→ WORK TO COMPLETE: Transcribe the records below exactly as they appear, omitting any pictures.

**** RECORDS SUPPLIED ****

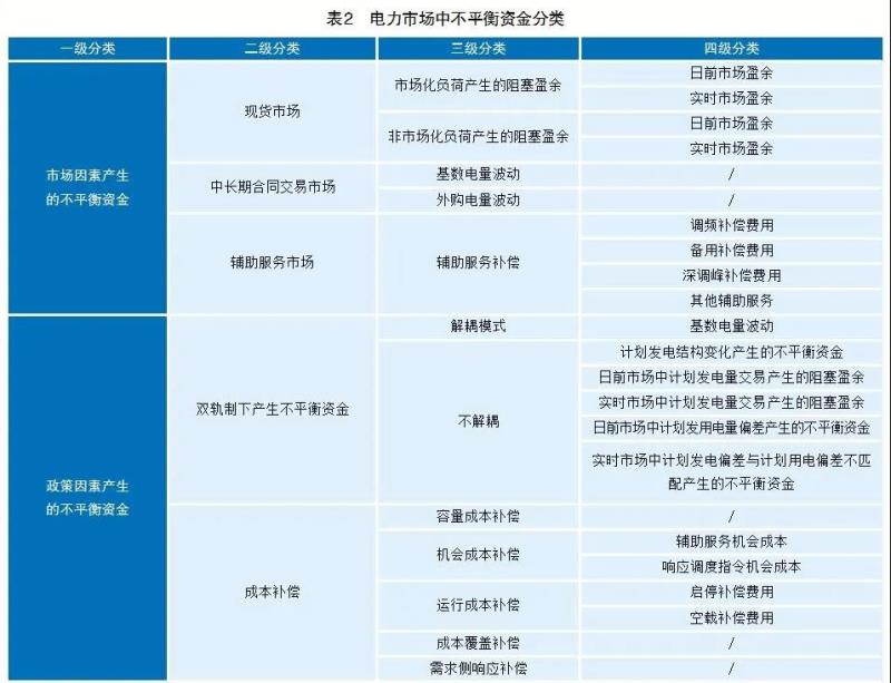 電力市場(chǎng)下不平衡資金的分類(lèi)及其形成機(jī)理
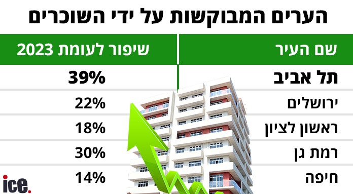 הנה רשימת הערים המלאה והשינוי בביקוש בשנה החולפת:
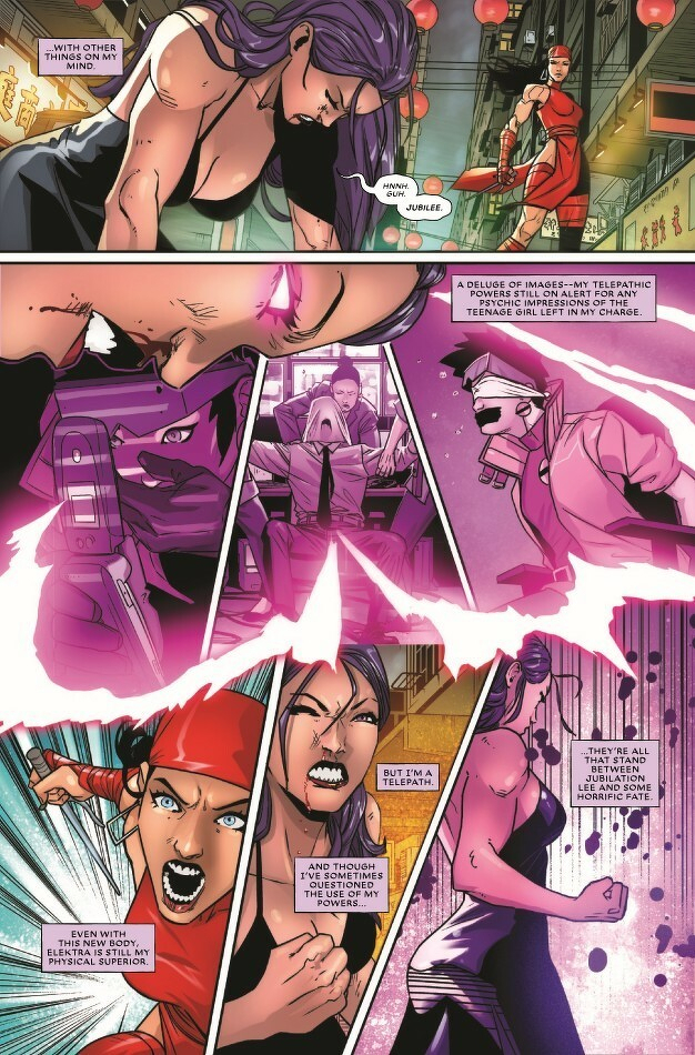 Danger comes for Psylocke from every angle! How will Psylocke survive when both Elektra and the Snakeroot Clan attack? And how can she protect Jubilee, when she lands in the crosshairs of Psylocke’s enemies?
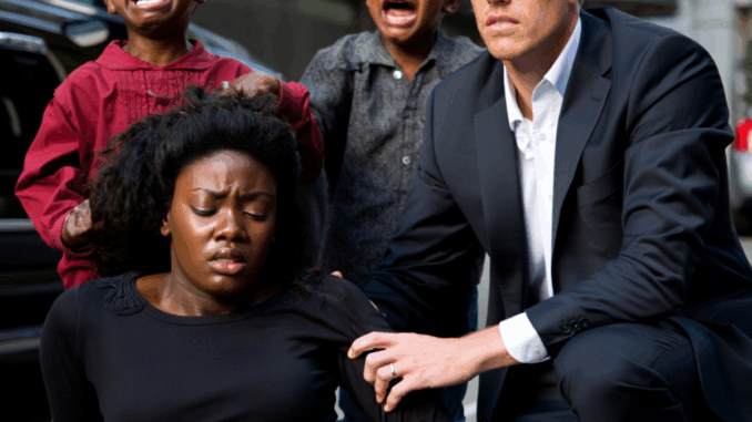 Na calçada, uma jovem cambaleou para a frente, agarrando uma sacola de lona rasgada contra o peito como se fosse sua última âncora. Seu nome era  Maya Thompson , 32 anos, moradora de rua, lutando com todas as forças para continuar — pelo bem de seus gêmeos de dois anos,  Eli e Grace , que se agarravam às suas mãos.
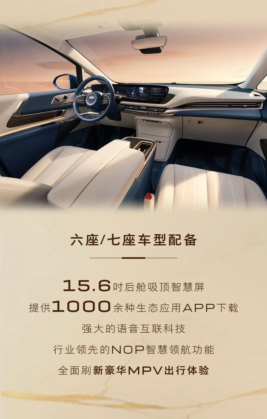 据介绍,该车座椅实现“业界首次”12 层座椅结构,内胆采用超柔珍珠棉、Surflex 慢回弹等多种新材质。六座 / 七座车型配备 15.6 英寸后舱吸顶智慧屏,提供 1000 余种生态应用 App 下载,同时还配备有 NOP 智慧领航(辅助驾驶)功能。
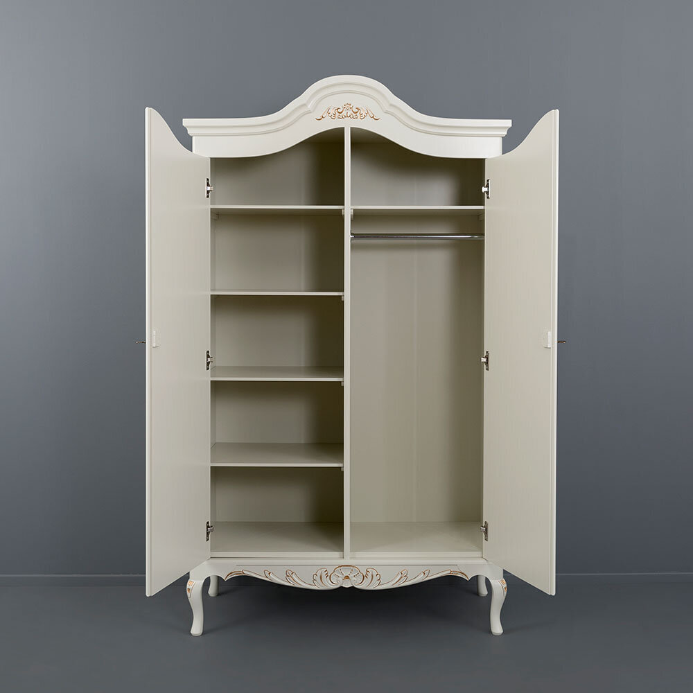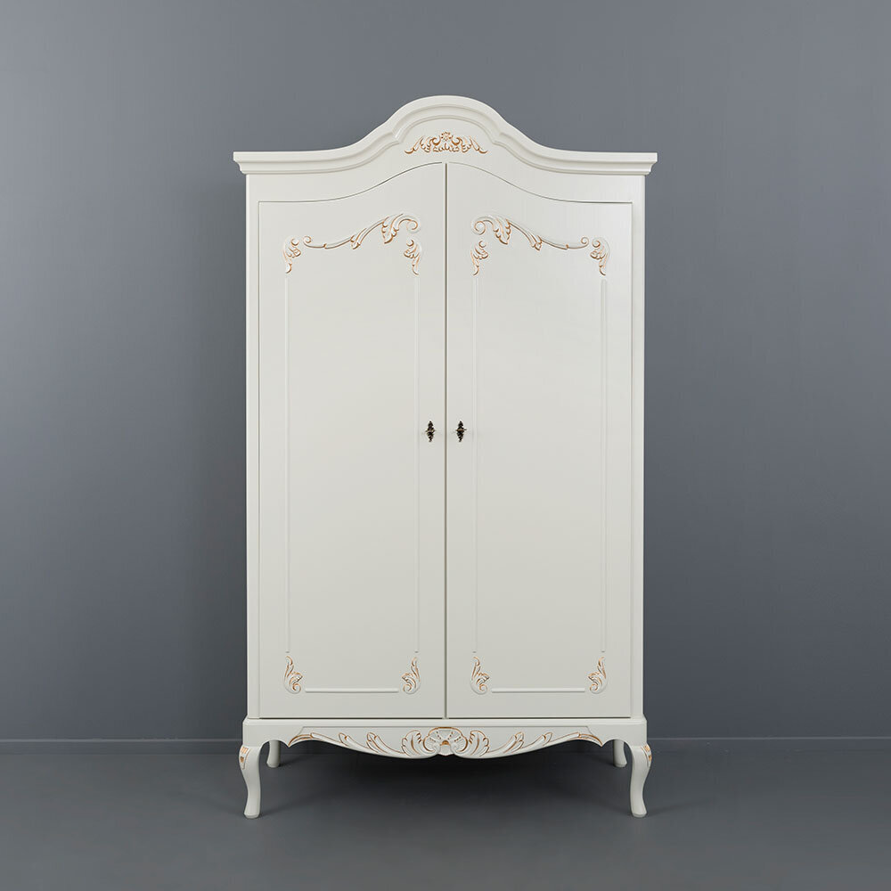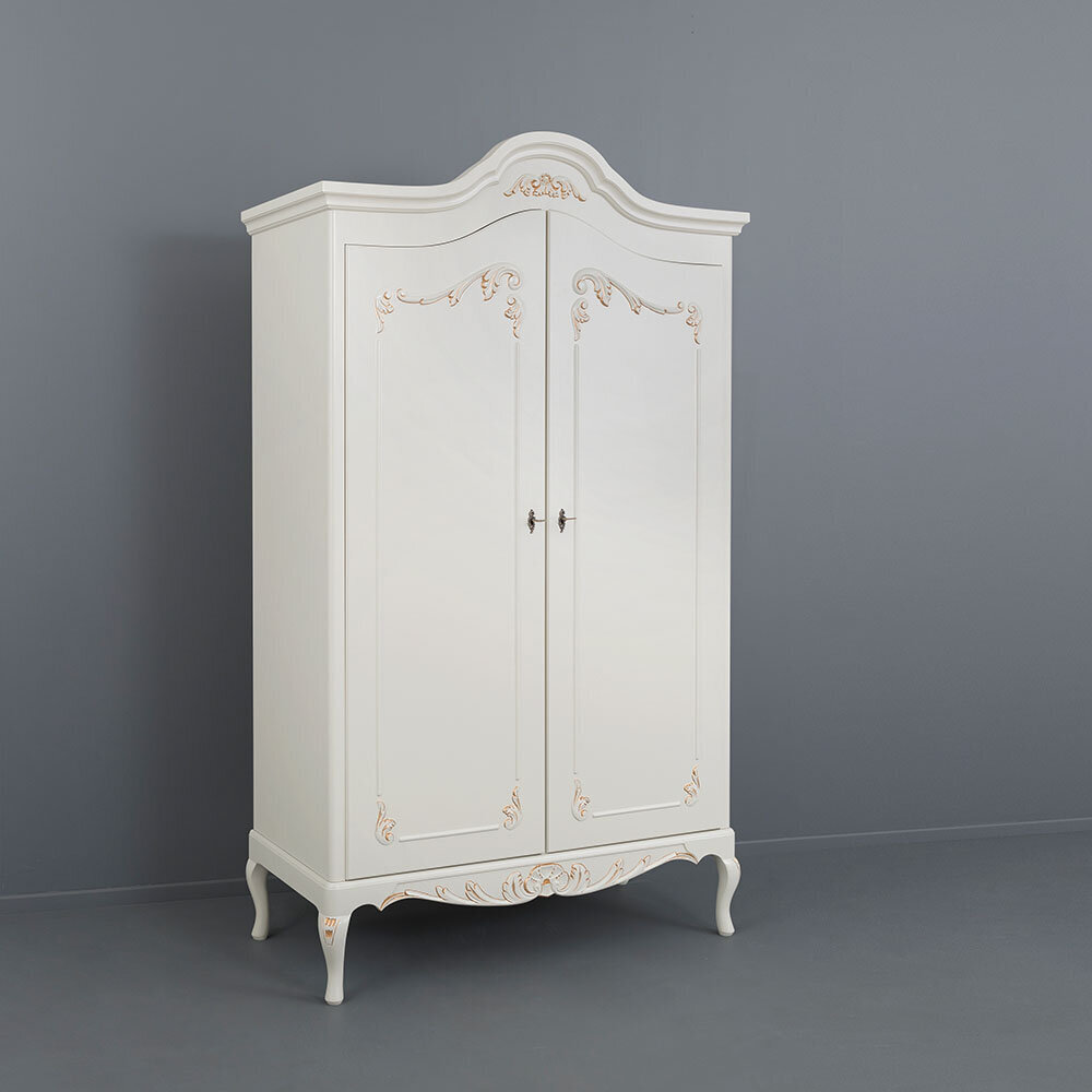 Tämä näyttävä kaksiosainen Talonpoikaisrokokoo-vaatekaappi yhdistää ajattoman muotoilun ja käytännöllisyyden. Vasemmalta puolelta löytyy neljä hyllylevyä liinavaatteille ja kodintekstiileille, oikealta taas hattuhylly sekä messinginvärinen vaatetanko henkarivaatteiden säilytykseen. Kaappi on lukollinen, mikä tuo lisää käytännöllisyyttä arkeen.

****

→ RESULT OF THIS EXERCISE:
 電力市場(chǎng)下不平衡資金的分類(lèi)及其形成機(jī)理
 הנה רשימת הערים המלאה והשינוי בביקוש בשנה החולפת:
 Danger comes for Psylocke from every angle! How will Psylocke survive when both Elektra and the Snakeroot Clan attack? And how can she protect Jubilee, when she lands in the crosshairs of Psylocke’s enemies?
 Na calçada, uma jovem cambaleou para a frente, agarrando uma sacola de lona rasgada contra o peito como se fosse sua última âncora. Seu nome era  Maya Thompson , 32 anos, moradora de rua, lutando com todas as forças para continuar — pelo bem de seus gêmeos de dois anos,  Eli e Grace , que se agarravam às suas mãos.
 据介绍,该车座椅实现“业界首次”12 层座椅结构,内胆采用超柔珍珠棉、Surflex 慢回弹等多种新材质。六座 / 七座车型配备 15.6 英寸后舱吸顶智慧屏,提供 1000 余种生态应用 App 下载,同时还配备有 NOP 智慧领航(辅助驾驶)功能。
 Tämä näyttävä kaksiosainen Talonpoikaisrokokoo-vaatekaappi yhdistää ajattoman muotoilun ja käytännöllisyyden. Vasemmalta puolelta löytyy neljä hyllylevyä liinavaatteille ja kodintekstiileille, oikealta taas hattuhylly sekä messinginvärinen vaatetanko henkarivaatteiden säilytykseen. Kaappi on lukollinen, mikä tuo lisää käytännöllisyyttä arkeen.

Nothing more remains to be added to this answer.